Problem requirements: Each entry below must be written out exactly, with pictures left out.

--

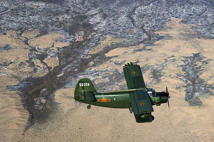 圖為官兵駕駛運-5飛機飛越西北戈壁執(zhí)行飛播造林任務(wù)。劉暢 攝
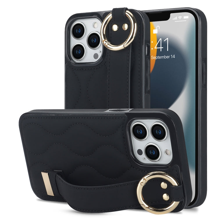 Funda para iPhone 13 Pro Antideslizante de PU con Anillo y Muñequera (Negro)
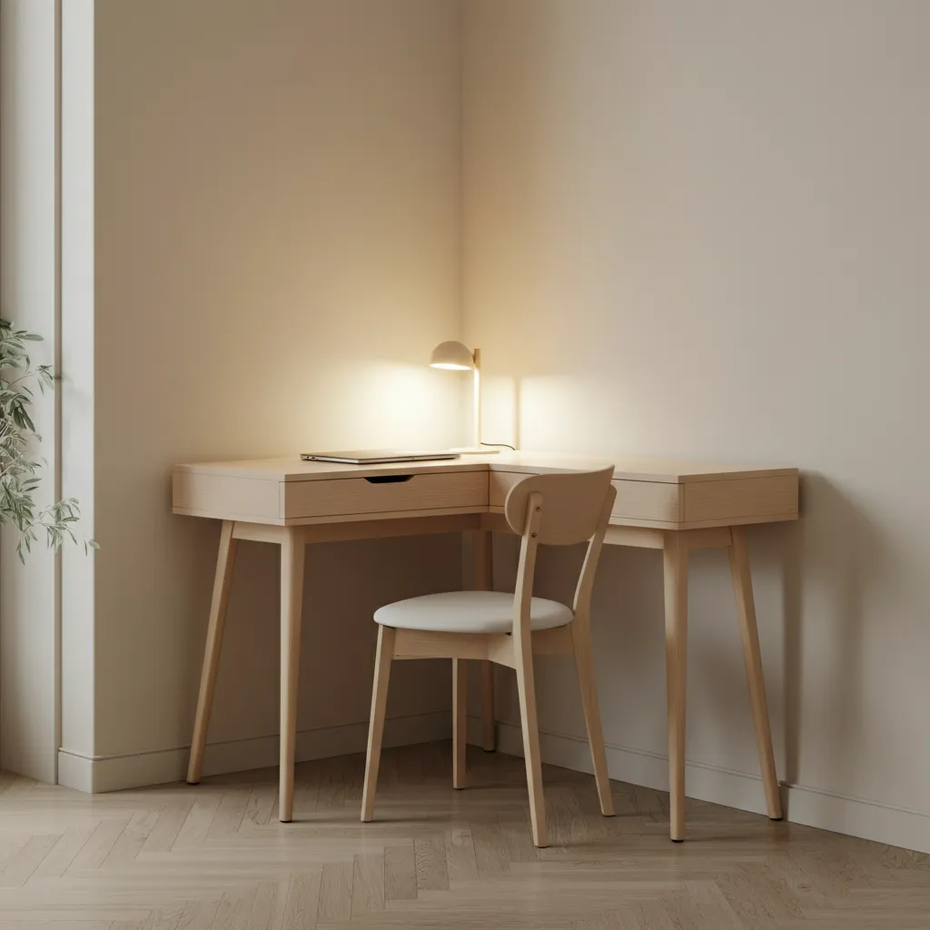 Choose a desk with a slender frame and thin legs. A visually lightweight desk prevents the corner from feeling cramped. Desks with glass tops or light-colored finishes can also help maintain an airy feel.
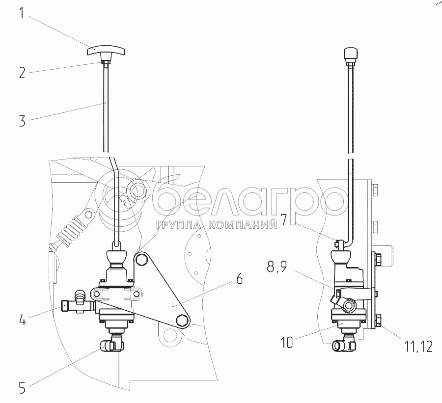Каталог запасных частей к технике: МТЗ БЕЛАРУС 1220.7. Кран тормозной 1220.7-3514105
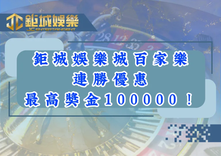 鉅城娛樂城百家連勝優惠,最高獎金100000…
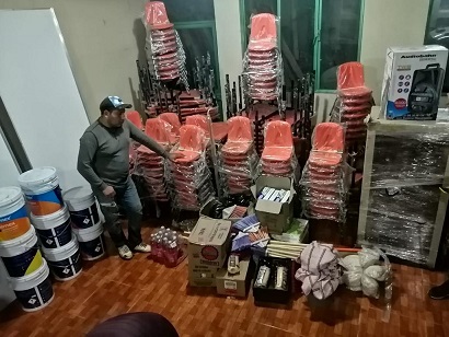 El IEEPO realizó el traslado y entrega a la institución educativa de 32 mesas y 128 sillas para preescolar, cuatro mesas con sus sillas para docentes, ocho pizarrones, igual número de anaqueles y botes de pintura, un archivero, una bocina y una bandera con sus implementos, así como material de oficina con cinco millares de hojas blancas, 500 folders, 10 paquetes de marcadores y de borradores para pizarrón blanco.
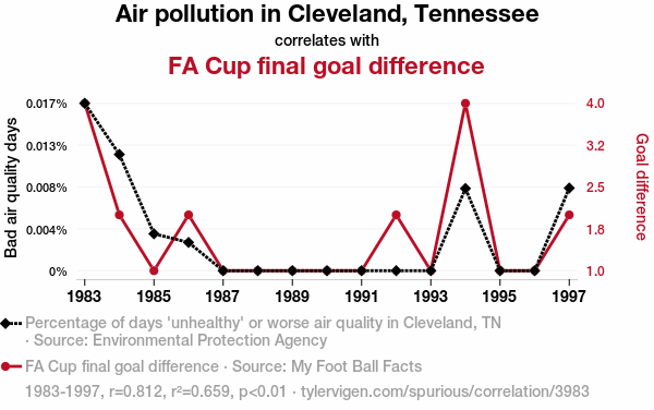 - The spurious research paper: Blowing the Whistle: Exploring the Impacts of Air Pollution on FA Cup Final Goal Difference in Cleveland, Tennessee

--

Exercise output:
 圖為官兵駕駛運-5飛機飛越西北戈壁執(zhí)行飛播造林任務(wù)。劉暢 攝
 Funda para iPhone 13 Pro Antideslizante de PU con Anillo y Muñequera (Negro)
 Choose a desk with a slender frame and thin legs. A visually lightweight desk prevents the corner from feeling cramped. Desks with glass tops or light-colored finishes can also help maintain an airy feel.
Каталог запасных частей к технике: МТЗ БЕЛАРУС 1220.7. Кран тормозной 1220.7-3514105
 鉅城娛樂城百家連勝優惠,最高獎金100000…
 El IEEPO realizó el traslado y entrega a la institución educativa de 32 mesas y 128 sillas para preescolar, cuatro mesas con sus sillas para docentes, ocho pizarrones, igual número de anaqueles y botes de pintura, un archivero, una bocina y una bandera con sus implementos, así como material de oficina con cinco millares de hojas blancas, 500 folders, 10 paquetes de marcadores y de borradores para pizarrón blanco.
 - The spurious research paper: Blowing the Whistle: Exploring the Impacts of Air Pollution on FA Cup Final Goal Difference in Cleveland, Tennessee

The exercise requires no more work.